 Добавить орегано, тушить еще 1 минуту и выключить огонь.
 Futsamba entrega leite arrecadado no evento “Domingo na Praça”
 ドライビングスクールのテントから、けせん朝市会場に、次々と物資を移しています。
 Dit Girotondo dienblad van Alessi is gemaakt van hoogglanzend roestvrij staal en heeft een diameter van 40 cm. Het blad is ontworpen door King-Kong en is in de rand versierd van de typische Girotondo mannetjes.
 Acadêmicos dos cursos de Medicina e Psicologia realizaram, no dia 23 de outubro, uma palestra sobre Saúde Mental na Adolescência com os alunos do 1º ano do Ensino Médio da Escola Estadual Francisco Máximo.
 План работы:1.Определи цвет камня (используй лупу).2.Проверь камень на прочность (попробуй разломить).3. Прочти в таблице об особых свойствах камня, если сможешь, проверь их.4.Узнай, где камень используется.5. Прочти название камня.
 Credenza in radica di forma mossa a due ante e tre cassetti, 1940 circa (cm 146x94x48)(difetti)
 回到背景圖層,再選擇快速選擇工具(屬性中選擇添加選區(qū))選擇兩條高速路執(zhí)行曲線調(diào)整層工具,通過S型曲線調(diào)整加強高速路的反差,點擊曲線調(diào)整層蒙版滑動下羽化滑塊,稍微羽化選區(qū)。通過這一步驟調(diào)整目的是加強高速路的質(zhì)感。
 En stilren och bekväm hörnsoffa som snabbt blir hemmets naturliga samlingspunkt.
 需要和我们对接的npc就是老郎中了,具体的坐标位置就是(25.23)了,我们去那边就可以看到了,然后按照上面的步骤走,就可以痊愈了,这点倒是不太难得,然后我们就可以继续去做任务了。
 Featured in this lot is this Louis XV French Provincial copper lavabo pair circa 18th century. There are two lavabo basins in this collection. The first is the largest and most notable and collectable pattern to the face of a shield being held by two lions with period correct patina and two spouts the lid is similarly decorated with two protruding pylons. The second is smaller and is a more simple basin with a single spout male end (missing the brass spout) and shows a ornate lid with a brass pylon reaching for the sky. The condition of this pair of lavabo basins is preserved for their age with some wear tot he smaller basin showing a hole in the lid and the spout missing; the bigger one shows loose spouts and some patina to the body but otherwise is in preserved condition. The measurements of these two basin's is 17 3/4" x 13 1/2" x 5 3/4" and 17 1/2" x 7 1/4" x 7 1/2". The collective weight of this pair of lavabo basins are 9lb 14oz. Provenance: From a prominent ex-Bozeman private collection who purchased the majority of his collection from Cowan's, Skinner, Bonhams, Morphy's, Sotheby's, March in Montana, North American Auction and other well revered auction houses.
##############################
Going back to the entries above, set down exactly the lines that begin at the one with "План работы:1.Определи цвет" and end at the one with "Credenza in radica", both included, and nothing else.

Reply:
 План работы:1.Определи цвет камня (используй лупу).2.Проверь камень на прочность (попробуй разломить).3. Прочти в таблице об особых свойствах камня, если сможешь, проверь их.4.Узнай, где камень используется.5. Прочти название камня.
 Credenza in radica di forma mossa a due ante e tre cassetti, 1940 circa (cm 146x94x48)(difetti)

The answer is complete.